# Airbnb Madrid Statistical Analysis

Analysis of Airbnb listings in Madrid to understand pricing patterns and factors influencing price per guest.

**Data files:** Assumed in `data/` folder

## Imports and Setup

In [None]:
import os

import pandas as pd
import matplotlib.pyplot as plt
import seaborn as sns

# Set style for professional visualizations
sns.set_style("whitegrid")
plt.rcParams["figure.figsize"] = (10, 6)

os.makedirs("output", exist_ok=True)

## Data Loading

In [None]:
# Load all Airbnb Madrid datasets (property details, conditions, location, reviews, host info)
property = pd.read_csv("data/airbnb_madrid_property.csv")
conditions = pd.read_csv("data/airbnb_madrid_conditions.csv")
location = pd.read_csv("data/airbnb_madrid_location.csv")
reviews = pd.read_csv("data/airbnb_madrid_reviews.csv")
host = pd.read_csv("data/airbnb_madrid_host.csv")

# Merge all datasets on listing ID to create unified dataset
df = property.merge(conditions, on="id").merge(location, on="id")\
        .merge(reviews, on="id").merge(host, on="id")

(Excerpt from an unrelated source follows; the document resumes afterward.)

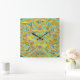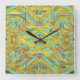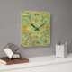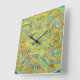 Relógio Quadrado Nesting Abstract Backwards Clock Yellow and Aqua

## Data Preparation & Feature Engineering

In [None]:
# Price per guest: key metric for comparing listings across different sizes
df["price_per_guest"] = df["price"] / df["accommodates"]

# Filter to top 10 neighborhoods by listing count for focused analysis
top_neighbourhoods = df["neighbourhood"].value_counts().head(10).index
df_top = df[df["neighbourhood"].isin(top_neighbourhoods)]

## Visualizations

### 1. Median Price per Guest by Top Neighborhoods

**Business insight:** Identify which popular neighborhoods offer better value

In [None]:
median_prices_df = df_top.groupby("neighbourhood", as_index=False)["price_per_guest"].median()
median_prices_df = median_prices_df.sort_values("price_per_guest", ascending=True)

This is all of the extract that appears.